Viola concertos

January 22, 2018, 11:20 AM · What is the order that you follow or followed to learning them?
I´m currently working on the third movement of the J.C. Bach and I don´t really know if I should continue with the hoffmeister in d or the handel in b; what do you think?

Replies (11)

January 22, 2018, 11:23 AM · All I can tell you is that the first viola concerto I ever played was there Zelter.
January 22, 2018, 11:24 AM · you should play the Bruch viola romance. It's a great piece
January 22, 2018, 1:59 PM · What other repertoire are you working on? Depending on your own abilities, concertos at approximately the same level of difficulty can be learned in any order.
January 24, 2018, 1:05 PM · The Handel/Cassadeus would be a very minor step up in difficulty from the J.C. Bach. The Hoffmeister or Stamitz would be a bigger step up in technical level, but still probably doable. The Bruch Romance that Anthony mentioned is probably in between Handel and Hoffmeister from a purely technical perspective. If you have a teacher, I would go with whatever he/she recommends.
I personally did J.C. Bach 1st mvmt, Hoffmeister 1st mvmt.,the Vaughan William Suite Group 1 and then the entire Stamitz Concerto. As a teacher I would say it depends on how well a student is playing the piece as to what to progress to. If my student were playing the J.C. Bach at a high level, I would probably move on to Stamitz/Hoffmeister. If they were struggling a bit, I might have them learn the Handel to solidify the skills covered in the J.C. Bach before moving on.
January 24, 2018, 6:29 PM · Thank you very much. I was talking with my teacher and he said I should be learning the Hoffmeister, then the rolla in E flat or the stamitz in D. I don’t find hoffmeister a very difficult piece but definitely more than the J. C bach.
January 24, 2018, 7:08 PM · Learned at a students' recital I attended that there are TWO Stamitzes in D, of similar difficulty (The one I heard was not the one I had studied in my schooldays and performed the rondo of with our school junior orchestra. The one I had studied had quite a beautiful slow movement and a catchy rondo theme).
January 25, 2018, 9:47 AM · Andrew Victor, I am studying the Zelter concerto right now! How did you like it? Did you play the long-ish cadenza for the 1st mvt?
January 25, 2018, 10:17 AM · Karen, I like it. Isn't it fun? And, yeah, I played it all including the cadenzas.

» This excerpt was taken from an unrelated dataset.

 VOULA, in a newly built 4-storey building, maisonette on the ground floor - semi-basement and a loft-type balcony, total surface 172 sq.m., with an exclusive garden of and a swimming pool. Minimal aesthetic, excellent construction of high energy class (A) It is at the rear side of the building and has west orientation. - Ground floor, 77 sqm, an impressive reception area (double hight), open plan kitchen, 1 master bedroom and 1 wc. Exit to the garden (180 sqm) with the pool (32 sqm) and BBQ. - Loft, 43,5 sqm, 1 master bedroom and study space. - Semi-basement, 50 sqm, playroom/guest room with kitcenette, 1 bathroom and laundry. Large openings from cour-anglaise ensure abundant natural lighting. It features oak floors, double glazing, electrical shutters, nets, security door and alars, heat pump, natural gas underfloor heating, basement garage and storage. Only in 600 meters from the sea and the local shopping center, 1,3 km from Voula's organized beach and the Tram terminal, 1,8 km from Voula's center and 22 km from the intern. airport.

I'm not really working on it; it is sort of a warm-up piece for me. I regularly play viola in a chamber orchestra - mostly classical music of mid 19th century and earlier, so the viola parts are mostly straight forward and uninteresting and don't need practice - so I try to keep in shape playing other things and this is a main one.

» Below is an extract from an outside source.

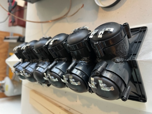 Moving along, got the tweeter array together and am planning on glopping on more acetone + plastic over the next couple of days. Starting to think about how to power these things....I have a couple of home amplifiers sitting around and a bluetooth adaptor. I'm thinking....some kind of eq or dsp thing (?) in between the bluetooth and the amp and I'm set. It's for the garage and judging by the spl charts I won't even be running 1 watt into the Otops (like maybe ever?) The dream would be to have a driveway party and some music...but again, the efficiency is so ridiculously high it won't take much power. And I live in a retirement community so blasting super high volume might get me kicked out of the neighborhood.

I was also playing monthly viola sonatas with a pianist and those were good too - but she went to Japan in November and I haven't heard from her since.

January 25, 2018, 2:51 PM · Here's how my teachers did it in order of increasing difficulty;

G.P. Telemann and/or Vivaldi A Minor Transcription

Handel/Casesesus and/or JC Bach

Hindemith Trauermusik

Stamitz and/or Hoffmeister

Bruch Romanze

Forsyth or Vaughan Williams ( maybe )

Bartok and/or Walton and/or Hindemith Der Schwanendreher

Weber Andante and Hungarian Rondo

Bowen and/or Paganini Sonata Per La Gran Viola and/or Penderecki and/or Schnitke

Anything else you want to learn that perhaps no one has heard of

January 27, 2018, 5:43 AM · I would start with Telemann. The transcription for viola of Bruch's Kol Nidre is a good place to go after Telemann. Sometime in the last couple of months someone gave a link to a viola repertoire list by levels of difficulty. If you search for and find that, it will tell you all you want to know.
January 29, 2018, 6:27 PM · There's also Harold, and Tertis's arrangement of the Elgar 'Cello Concerto (but viola performances were blown out of the water once the late Jacqueline got going).